Tra queste, personalmente, ma senza sottovalutare nessuno dei punti in questione,

propenderemmo per il punto f, aggiungendo che è imperativa la questione del personale. Tanti reparti, in tutto il territorio, funzionano poco e male per mancanza di un numero congruo di addetti: è la ragione per cui, in attesa della sentenza del TAR, non è stato ancora riaperto il nostro. Questa non è solo questione di spesa, ma di scelte politiche pregresse e spesso scervellate. Ciò non toglie che sia una priorità assoluta, per evitare che lo scervellamento sia ancora più grave e imperdonabile.
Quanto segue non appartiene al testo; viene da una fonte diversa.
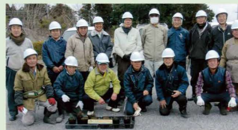
あいしょう まも かい 「愛荘さくらを守る会」のみなさん (愛荘町)

へいせい30ねんからスタートし、げんざい、なえぎ 平成30年からスタートし、現在、苗木のホームステイは204組のご家庭・団体に、苗木のスク ールステイは森林環境学習「やまのこ」の一環として、228校の学校に苗木を育てていただい ています。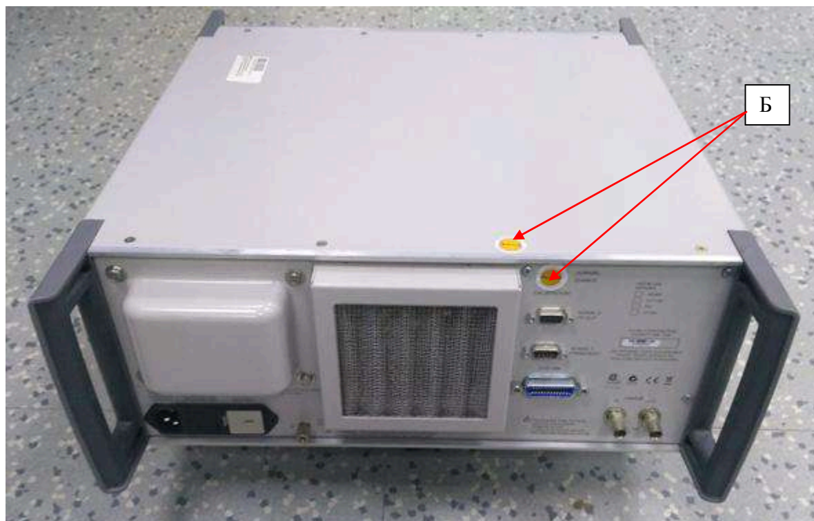
Рисунок 2 – Схема пломбировки от несанкционированного доступа (Б)

  • Alle tante interpretazioni, prima di chiudere, ci piace aggiungere, a titolo di discussione, la più

provocatoria, quella del giornale on line Ulisse: i cavesi hanno partecipato poco perché sono intelligenti, hanno capito che si trattava di polemiche e proteste ora politicamente pretestuose ora amministrativamente poco fondate, senza contare che il problema vero non è il reparto di ostetricia, ma sono la condizione generale dell’Ospedale, la necessità di un vero Pronto Soccorso, una politica più lungimirante.

  • Lasciamo aperte le discussioni. Se qualcuno vuole partecipare, la porta di Vivimedia è aperta.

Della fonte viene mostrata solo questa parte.